A new study by the American Association of School Administrators shows that schools in the poorest areas will lose the most in sequestration. Using adjusted FY 2010 dollars, the study finds that schools receiving Impact Aid funding—typically those near military bases, in low-income populations, or near Indian reservations—would be hit first and hardest.

“In these schools, the immediate cuts of sequestration would translate into deferred maintenance and technology purchases, elimination of staff, increased class size and reduced professional development,” the study finds.

Also at great risk for massive cutbacks, beginning in the 2013-14 school year, are states such as Mississippi and Arkansas, which get 20 percent of their funds from the federal government.

“The bad cuts are just made worse because they just ignore the discussion about program needs, program effectiveness, and return on investment,’ said Noelle Ellerson, the study’s author. “It’s just very bad policy. It’s a lack of policy.”

Ellerson said she believed some solution would be reached to avoid sequestration and cited a recent conversation with White House staff about the issue as proof of Obama’s involvement, but acknowledged the president has been publicly silent on sequestration during campaign debates and since his reelection.

Not a top talking point

“As much as it’s not a top talking point of (Obama’s), (sequestration and the fiscal cliff) are inextricably linked,” she said.

Elizabeth Rorick, Deputy Executive Director of Government Affairs and Communication for the National PTA, said the organization is equipping parents with sequestration toolkits and discussion guides for citizen lobbying to Congress.

Rorick said she couldn’t speculate on Obama’s silence regarding sequester cuts.

“I don’t know what (Obama’s) plans are to address the issue,” she said. “We remain optimistic that they continue to have robust conversations around this important issue.”

While Washington analysts tend to believe that some last-ditch solution to stave off sequestration will be found, recent developments should give even sanguine observers cause for concern. After months of saying they trusted lawmakers to find a solution around sequestration, top defense officials announced Dec. 5 that they are now beginning to work with the Office of Management and Budget to plan for the budget reductions.
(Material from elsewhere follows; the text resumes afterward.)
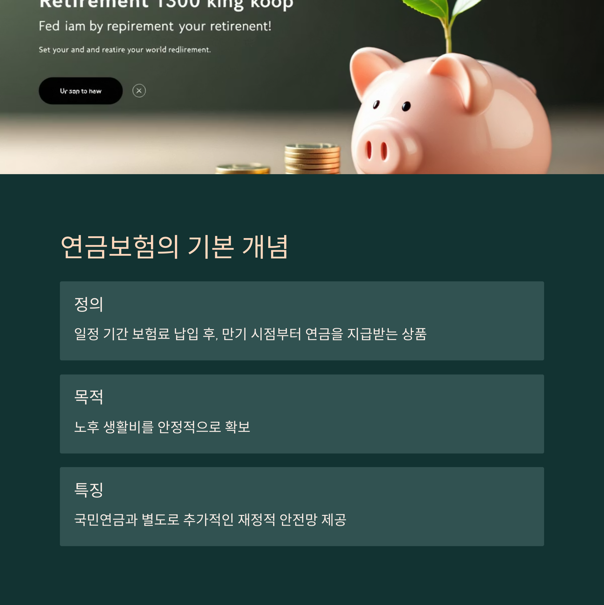 연금 보험이란 무엇인가요? 기본 개념과 필요성연금 보험은 미래의 안정된 노후 생활을 위해 현재 일정 금액을 불입하고,나중에 연금 형태로 지급받는 금융 상품입니다.노동 소득이 줄어드는

And in a statement last week that demonstrates the White House feels no responsibility for sequestration, Treasury Secretary Tim Geithner told CNBC that the administration was “absolutely” prepared to go over the fiscal cliff before yielding to Obama on sequestration.

Jim Dyer, a Republican strategist with the Podesta Group, said he believed a deal would still emerge from Congress before the end of December, but marveled at the apparent nonchalance the administration had shown in its approach to sequestration.

“After the president signed that (sequestration) deal, the White House posture has been and continues to be that this is Congress’s problem,” Dyer said. “Well, I’ve got to tell you I might take issue with that. I think this is all our problem and it’s the president’s problem too.”